But it seems to me that there are two mistakes into which the Allies must on no account fall. First, we should not attempt to maintain conventional forces on a scale designed to enable us to engage in a life-and-death struggle with Russia with these forces alone. We should bankrupt ourselves in the ensuing arms race, and we should lose it. It would certainly mean keeping National Service in the United Kingdom. Secondly, we should not define in advance precisely what form our reaction to particular threats would take. To do so, even if it were practicable, would, to my way of thinking, not diminish but increase the risks, because it would invite an aggressor to plan his aggression, carefully designed to leave him in a state of advantage. The point that we must make clear in advance is that the freedom of the free world will be preserved by the use of whatever measures are needed.

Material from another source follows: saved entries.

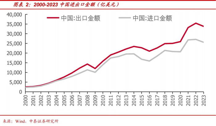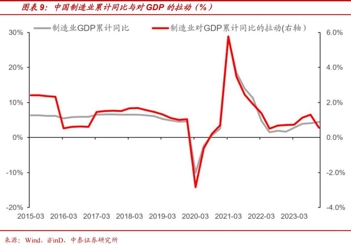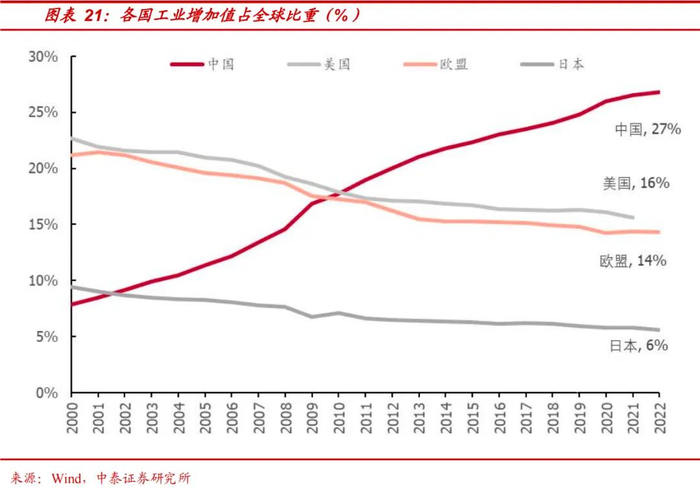 值得注意的是,中国的“重资产”则带来更强劲的制造,其表现在我国产业体系完备、产业配套齐全及产业协同高效。我国是世界上产业体系最完备的国家,拥有全球规模最大、门类最齐全的生产制造体系,在500种主要工业产品中,有四成以上产品产量位居全球第一。2023年制造业增加值达33万亿元,占世界的比重稳定在30%左右,我国制造业增加值连续多年稳居世界第一,且增加值与占比均处于上升趋势。
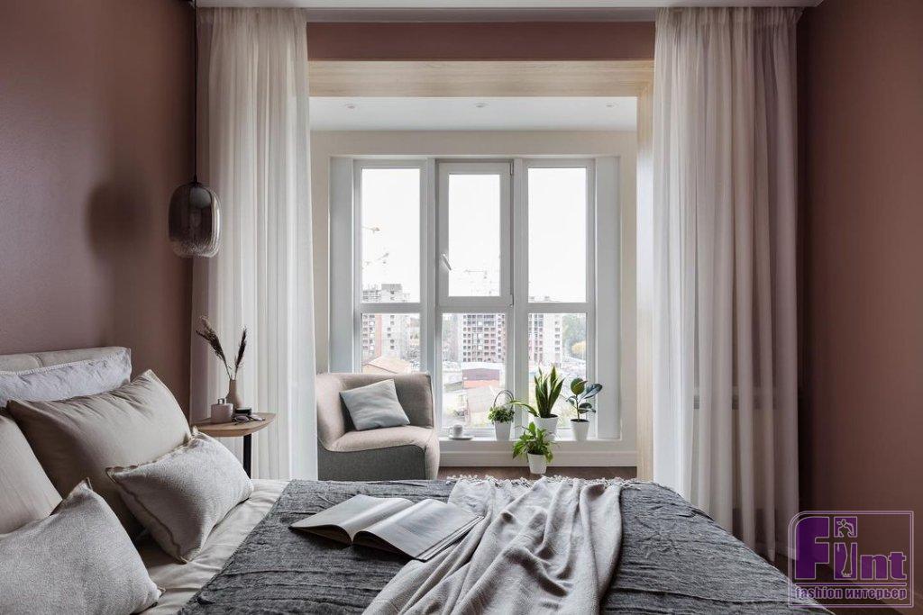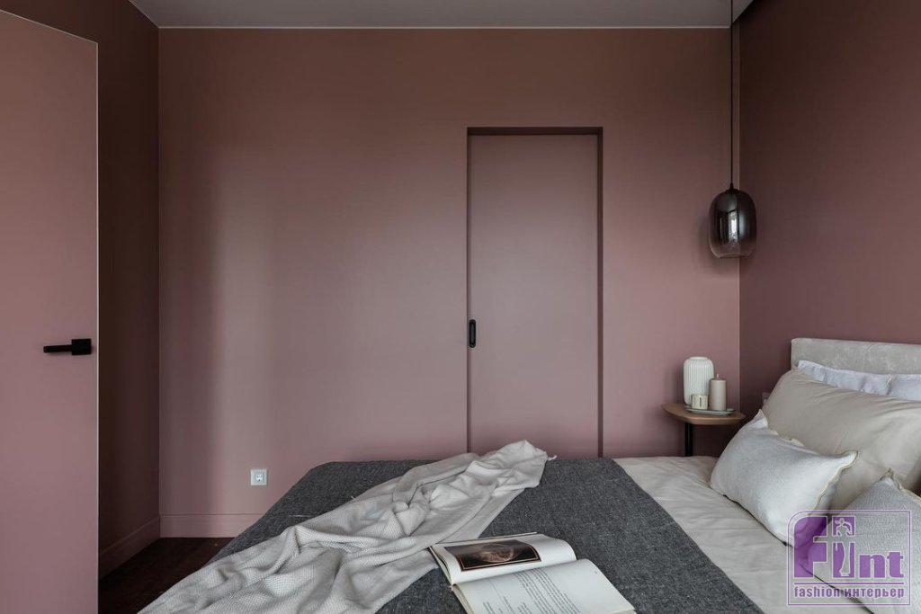 В спальне установили кровать и соорудили небольшую зону отдыха у окна – её выделили другим цветом стен. В комнате создали обволакивающую атмосферу за счёт сложного пудрового оттенка краски Brown Rose, который идеально сочетается с натуральными фактурами льна и хлопка. Двери со скрытой системой монтажа не перетягивают на себя внимание, буквально растворяясь в пространстве. Встроенный шкаф при входе и отдельная гардеробная в спальне обеспечили большое количество мест для хранения.
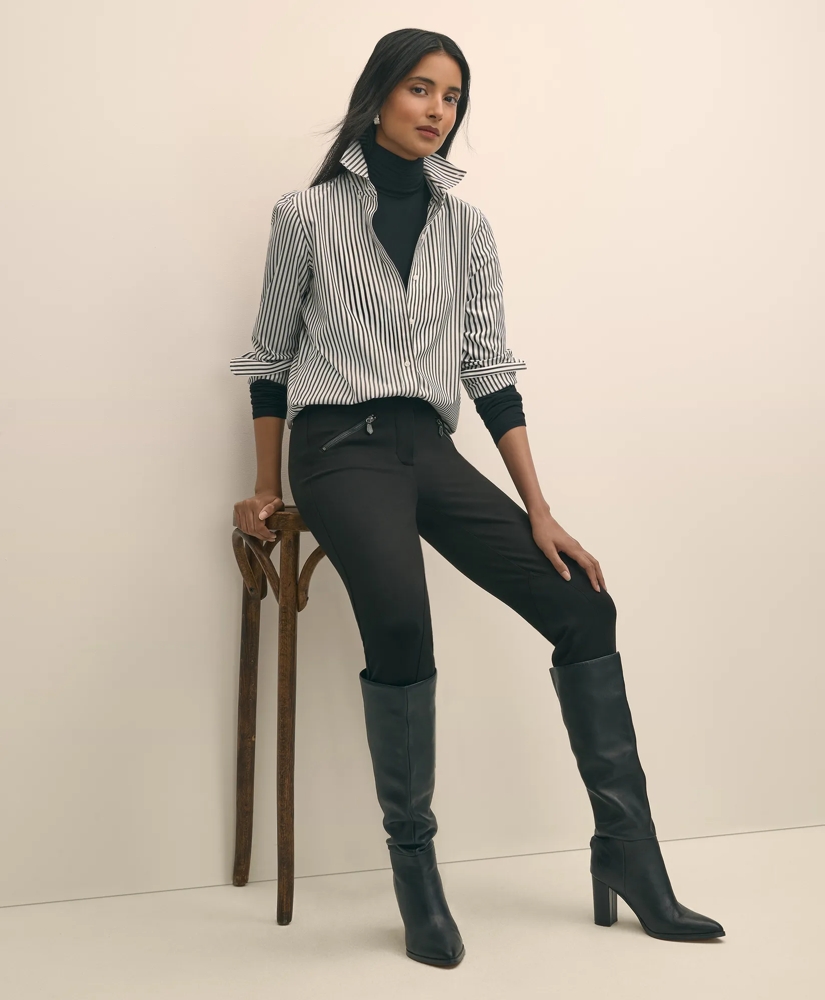 We've done these pants in a beautifully flexible, yet substantial, ponte knit that fits like a glove. In a nod to our equestrian inspiration this season, we added classic riding details, like snap buttons and jodhpur patches at the interior knees.
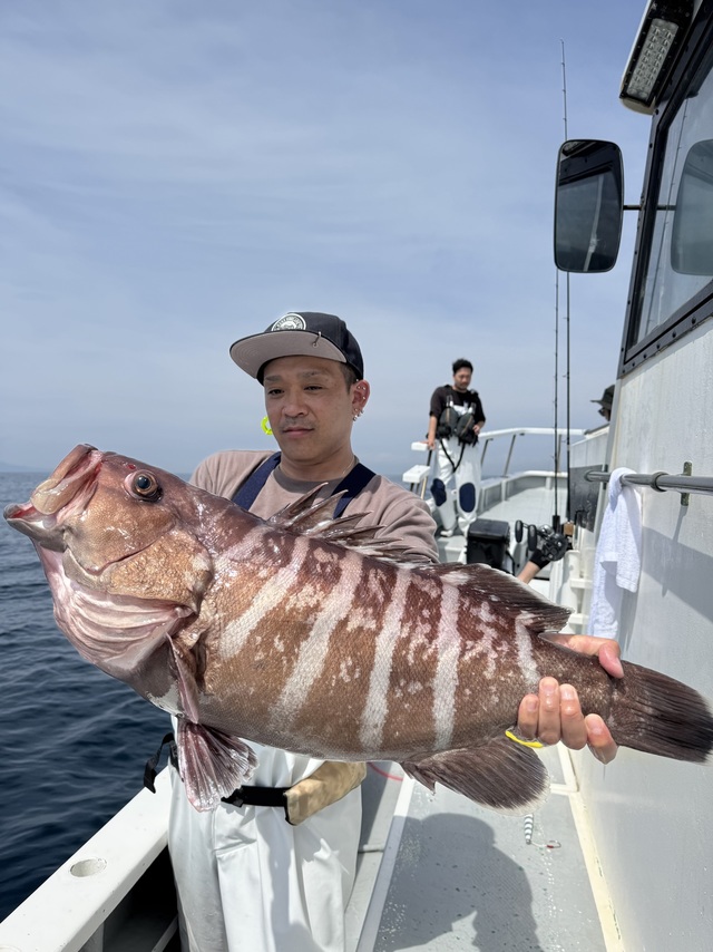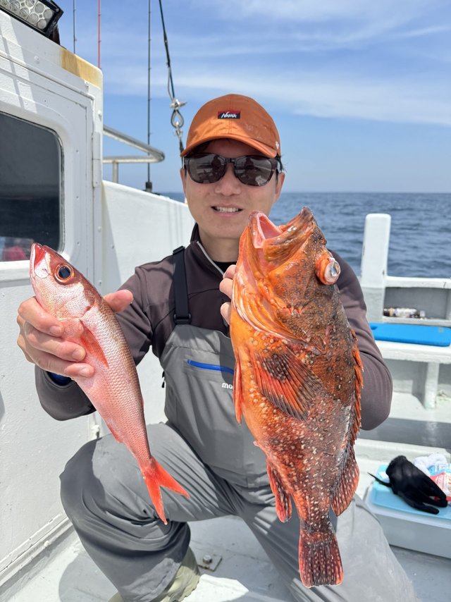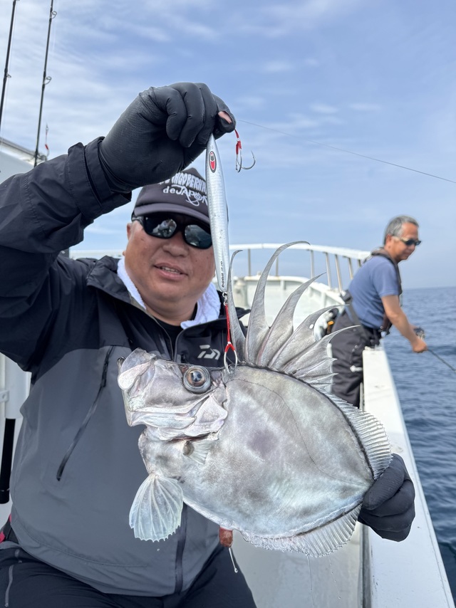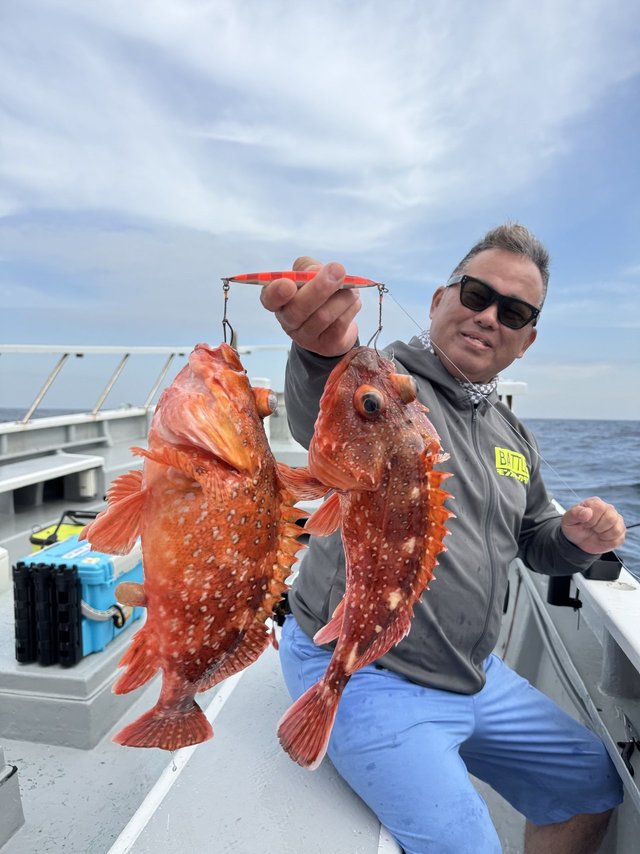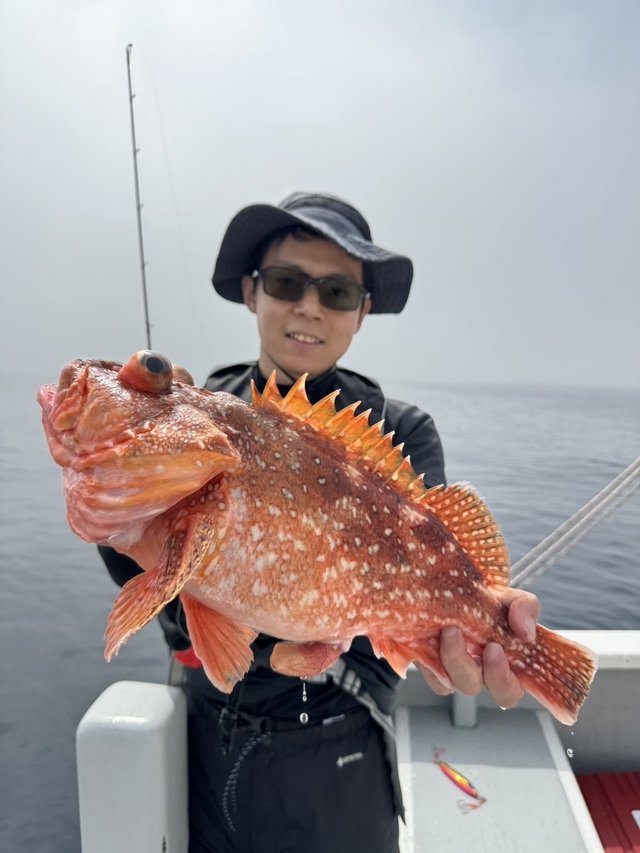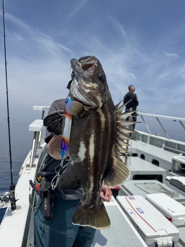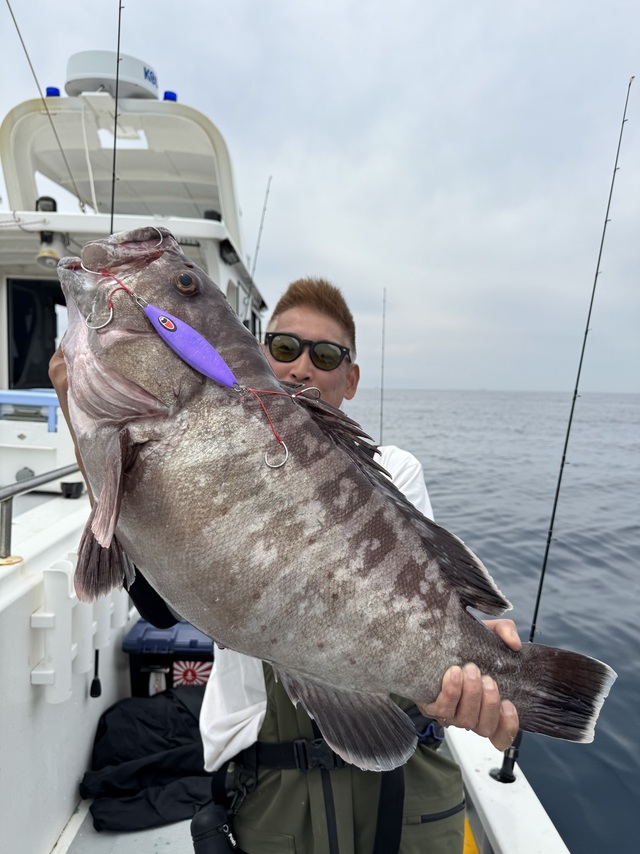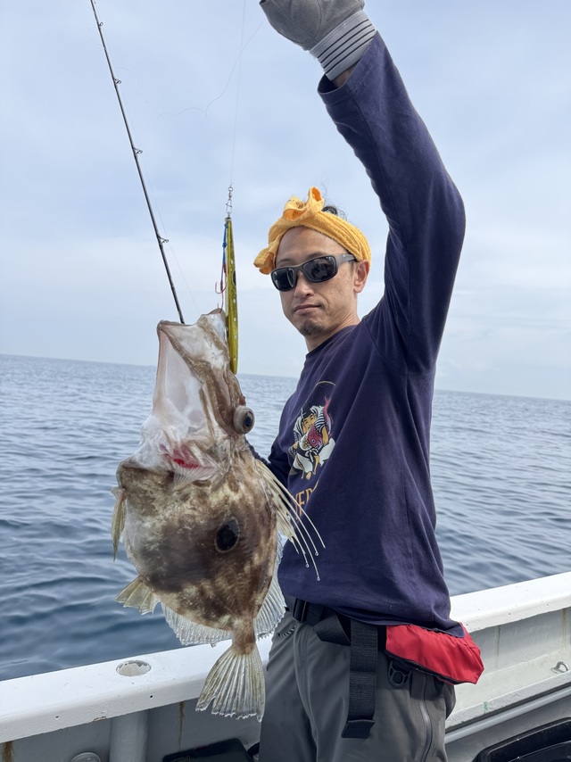 5/19午前スロージギング船 昨日のシケ明け本日は出船できました! 朝イチから鳥山ナブラと賑やかで バラシもありながら ワラサがヒットしてくれました!! その後は色々狙ってポイント回って イシナギ浮上ー!! カンコ、カガミダイ、 オニカサゴなど底物がポツリポツリとあがり楽しめました! 明日はまた予報が悪くお休みします 21日(水)よりご予約お待ちしてます! デカイの狙っていきますよー!!

In some quarters the Government's determination to continue tests of our own hydrogen bomb (and to build up a stock when the tests are completed) has been vehemently attacked. Attacks upon the Russians for doing precisely the same are, oddly enough, less often heard. We believe, however, that the policy of placing reliance on large conventional forces, armed solely with non-nuclear weapons, is just another way of preparing to fight a war and lose it. I myself believe—and one has one's views—that the advent of the hydrogen bomb and the realisation of its immeasurably destructive power has edged the danger of global war a little into the background. That danger will remain in the background only so long as we maintain and make abundantly clear our determination to resist aggression.

It is no use having a policy which permits us to reduce the manpower of the Services to a small Regular force unless we stiffen the power of those Regular forces with nuclear weapons. And if we are going to have this terrible H-bomb, we must obviously test it. To call a halt ourselves, but still to shelter under the protection of the American bomb, strikes me as frankly immoral. Testing is, of course, a necessary part of the development and manufacture of weapons of any kind. Those who suggest that we should abandon our nuclear tests are, in effect, asking us to throw over our long-prepared and costly nuclear weapons programme and surrender our participation in the deterrent. This would mean not only that we should be in a far weaker position to make our political contribution to the affairs of the world but also that we should, in effect, be relying almost entirely for the defence of our own country on America. In present circumstances, our defence consists fundamentally in the power to hit back. In other words our defence consists in ensuring that we shall not be attacked.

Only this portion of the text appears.